Michael Schumacher liebt das direkte Duell, geht aber keine unnötigen Risiken ein

MotoGP 2009

— 22.04.2009

Schumacher auf dem Motorrad: "Eine ganz neue Sache"

Michael Schumacher ist nach wie vor begeistert vom Motorradsport, wird aber beim Saisonstart der IDM nicht mit von der Bike-Partie sein

Kaum hatte Michael Schumacher seinen Formel-1-Helm an den Nagel gehängt, war der siebenfache Weltmeister auf einmal verstärkt auf zwei Rädern unterwegs: Das Motorradfahren hatte es dem ehemaligen Ferrari-Piloten schon seit langem angetan, doch im Renn-Ruhestand fand der 40-Jährige einfach mehr Zeit, sich viel stärker mit diesem Hobby auseinander zu setzen. Doch alle Ambitionen erhielten im Februar einen Dämpfer, als Schumacher in Cartagena einen schweren Sturz erlitt.

So muss der Saisonauftakt der Internationalen Deutschen Motorradmeisterschaft (IDM) am Wochenende ohne den Rekordchampion über die Bühne gehen. "Ich bin gesundheitlich momentan einfach nicht in der Lage, überhaupt zu fahren", erklärte Schumacher seine Situation gegenüber der 'dpa'. "Das ist der erste Punkt. Der andere ist: Wenn mir Rennstrecken nicht sicher genug sind, will ich da nach wie vor nicht fahren."

"Cartagena war ein Beispiel, dass ich auf der falschen Strecke zu sehr am Limit gefahren bin", sagte Schumacher rückblickend und verwies auf seinen Absteiger zu Jahresbeginn. Noch hat sich der frühere Formel-1-Dominator nicht vollkommen von diesem Sturz erholt, weshalb für Schumacher auch keine Notwendigkeit besteht, auf dem Lausitzring am Gas zu drehen. "Ich würde es körperlich schlichtweg nicht hinkriegen", meinte Schumacher.

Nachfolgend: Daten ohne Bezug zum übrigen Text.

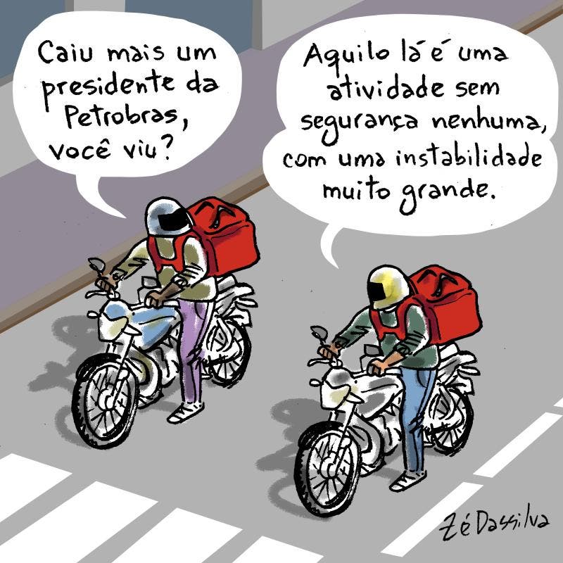 A charge do Zé Dassilva desta terça-feira (21) aborda a renúncia de José Mauro Coelho ao cargo de presidente da Petrobras, anunciada nesta segunda-feira.

"Ich kann gewisse Partien gar nicht trainieren - und die IDM ist ja doch schon ein Niveau, bei dem man nicht nur 'Just for Fun' mitfahren kann, auch wenn ich es in erster Linie aus Spaß mache. Ich habe aber auch einen gewissen Anspruch an mich selbst - und wenn ich eh schon nicht der Schnellste und dann noch gehandicapt bin, kommen zwei Dinge zusammen, die nicht gerade hilfreich sind", erläuterte Schumacher seine Einstellung.

Überhaupt bereitet dem ehemaligen Formel-1-Rennfahrer das Biken derart viel Freude, weil es eben "eine ganz neue Sache" sei, die "überhaupt nichts" mit seiner früheren Karriere zu tun habe, wie der Kerpener weiter ausführte. "Die Emotionen und das Fahrgefühl sind wesentlich intensiver als im Rennauto, man ist so nah am Boden. Die Feinfühligkeit, die man auf dem Motorrad benötigt, ist immens hoch."

"Hinzu kommt, dass der Lernprozess einfach so interessant ist. Zusammen mit den Emotionen, die frei werden, ist das eine Sache, die mir sehr viel Spaß macht", fasste Schumacher sein Motorrad-Credo zusammen. "Ich versuche sie natürlich so seriös zu betreiben wie möglich, aber mit dem Wissen im Hinterkopf, dass ich nicht mehr Erster werden kann. Ich habe dabei aber keine versteckten Hoffnungen."